B. Pursuant to Section 7(c) of the Amendment Agreement, the L/C Issuers, the Swing Line Lender and the Lenders party to the Amendment Agreement authorized the Administrative Agent to enter into such amendments to the Credit Agreement as shall be appropriate, in the judgment of the Administrative Agent, to give effect to the transactions contemplated by the Amendment Agreement or to cure any ambiguity, omission, defect or inconsistency relating to effectuation of the transactions contemplated thereby.
Accordingly, in consideration of the foregoing and for other good and valuable consideration, the receipt and sufficiency of which are hereby acknowledged, the Borrower, Holdings, Intermediate Parent, TDS Intermediate Parent and the Administrative Agent hereby agree as follows:
SECTION 1. Defined Terms. Capitalized terms used but not otherwise defined herein (including the preliminary statements hereto) have the meanings assigned to them in the Credit Agreement. The provisions of Section 1.02 of the Credit Agreement are hereby incorporated by reference herein, mutatis mutandis.
SECTION 2. Amendment. The definition of Permitted Holders is hereby amended by adding “or any of its direct or indirect parents” after each time “Holdings” appears in the third proviso of the definition of Permitted Holders.
SECTION 3. Representations and Warranties.

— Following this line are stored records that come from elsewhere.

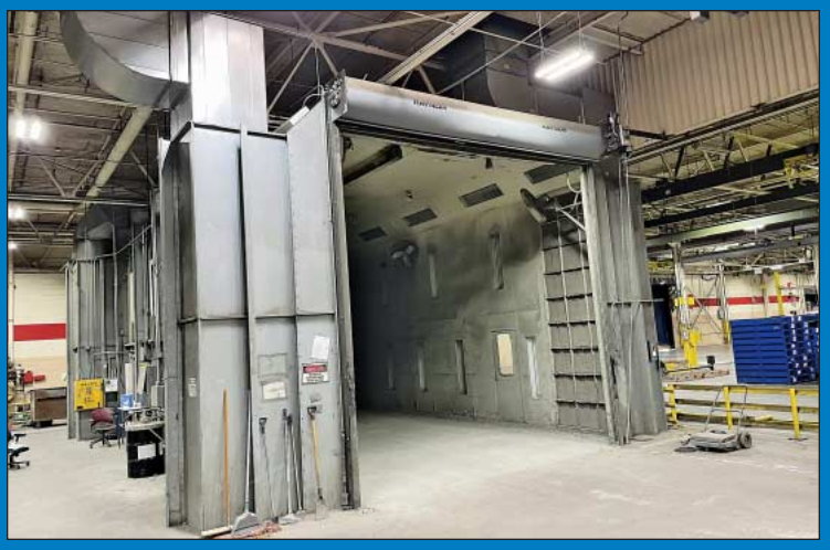
28' W x 45' L x 16' H Pass Thru Paint & Cure Booth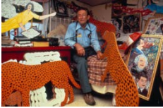
Cheetahs and Finster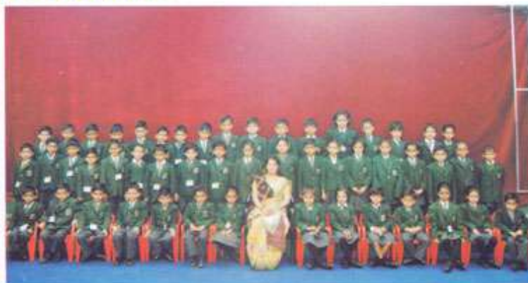
Class - 1 (B)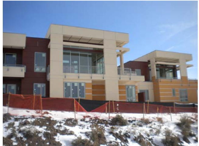
WrapShield under exterior decorative cladding.

WrapShield bonded to HomeSlicker creates WrapShield HS. A unique water resistant membrane creating the necessary airspace in a rain screen wall system.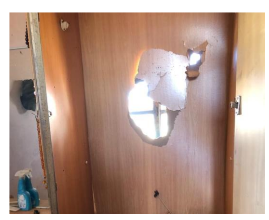
Damaged door from Umm Fagarah settler attack.

The high casualty rate continued in the West Bank in September, with ten Palestinians, including one child, killed by Israeli forces. Six Palestinians were shot and killed by Israeli forces in exchanged-of-fire incidents in Beit 'Anan village (Jerusalem) and Birqin village (Jenin), in the context of search-and-arrest operations in the two villages. Two other Palestinians were shot in the Old City of Jerusalem while stabbing or allegedly trying to stab Israeli forces. On 24 September, a Palestinian protester was shot and killed during ongoing protests in Beita village (Nablus) against the establishment of a settlement outpost. Since these protests began in early May 2021, eight Palestinians have been killed and over 4,450 injured, including 182 by live ammunition and 855 by rubber bullets.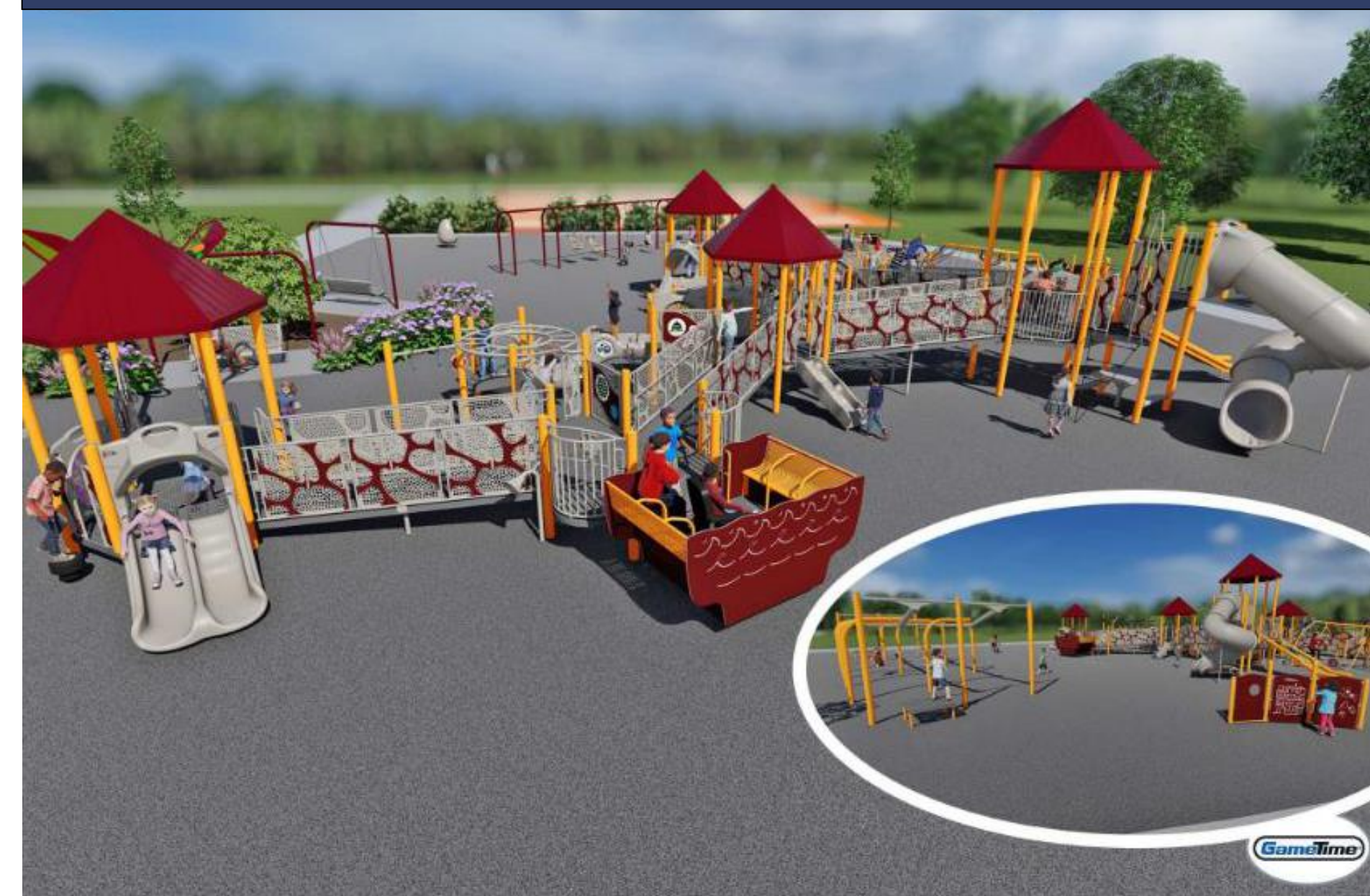
PLAYGROUND VIEW 5

Holdings, Intermediate Parent, TDS Intermediate Parent and the Borrower hereby represent and warrant to each other party hereto that:
(a) The execution, delivery and performance by Holdings, Intermediate Parent, TDS Intermediate Parent and the Borrower of this Amendment, and the consummation of the transactions contemplated hereby, are within their respective corporate or other powers, have been duly authorized by all necessary corporate or other organizational action, and do not and will not (i) contravene the terms of any of any such Person’s Organization Documents, (ii) conflict with or result in any breach or contravention of, or the creation of any Lien under (other than as permitted by Section 7.01 of the Credit Agreement), or require any payment to be made under (A) any Contractual Obligation to which such Person is a party or which affects such Person or the properties of such Person or any of its Subsidiaries, or (B) any material order, injunction, writ or decree of any Governmental Authority or any arbitral award to which such Person or any of its properties is subject, or (iii) violate any material Law; except with respect to any conflict, breach, contravention or payment (but not creation of Liens) referred to in clause (ii)(A), to the extent that such conflict, breach, contravention or payment could not reasonably be expected to have a Material Adverse Effect.

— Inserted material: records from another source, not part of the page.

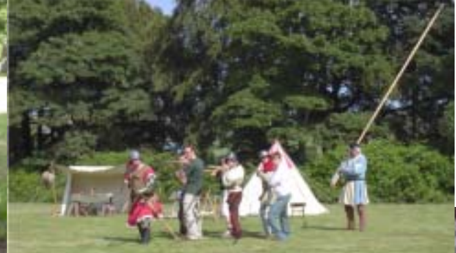
Get those spears level... What kind of army is this?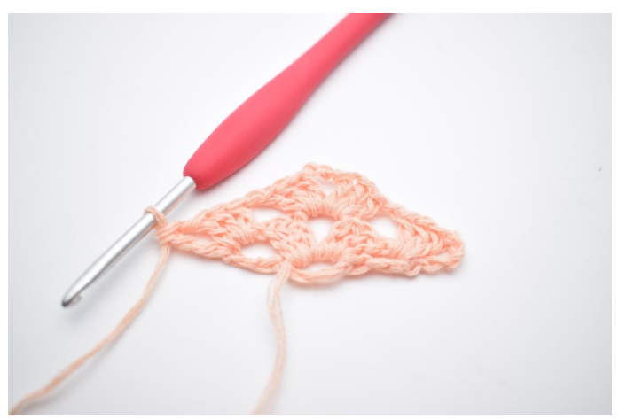
17. Like this.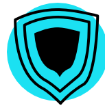
Efficiency in Security Operations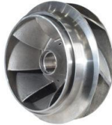
Centrifugal pump impeller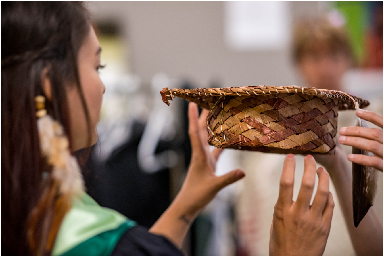
Fig 5.1: UFV Indigenous Graduate Reception 2017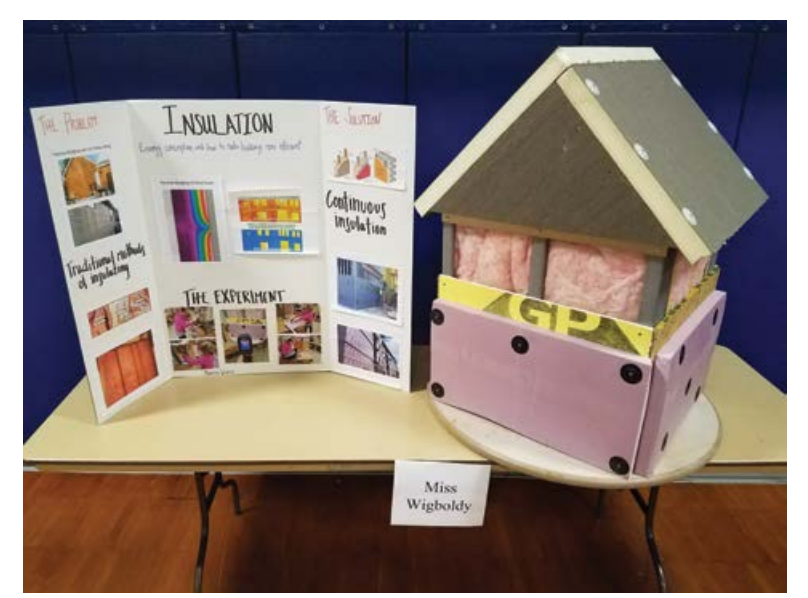
Getting children interested in the construction industry through 6th Grade Science

(b) This Amendment has been duly executed and delivered by each of Holdings, Intermediate Parent, TDS Intermediate Parent and the Borrower, and constitutes a legal, valid and binding obligation of each such Person, enforceable against it in accordance with its terms, except as such enforceability may be limited by Debtor Relief Laws, fraudulent transfer, preference or similar laws and by general principles of equity.
(c) After giving effect to the effectiveness of this Amendment, the modification of the Credit Agreement effected pursuant to this Amendment does not:
(i) impair the validity, effectiveness or priority of the Liens granted pursuant to any Loan Document, and such Liens continue unimpaired with the same priority to secure repayment of all Obligations, whether heretofore or hereafter incurred; or
(ii) require that any new filings be made or other action taken to perfect or to maintain the perfection of such Liens.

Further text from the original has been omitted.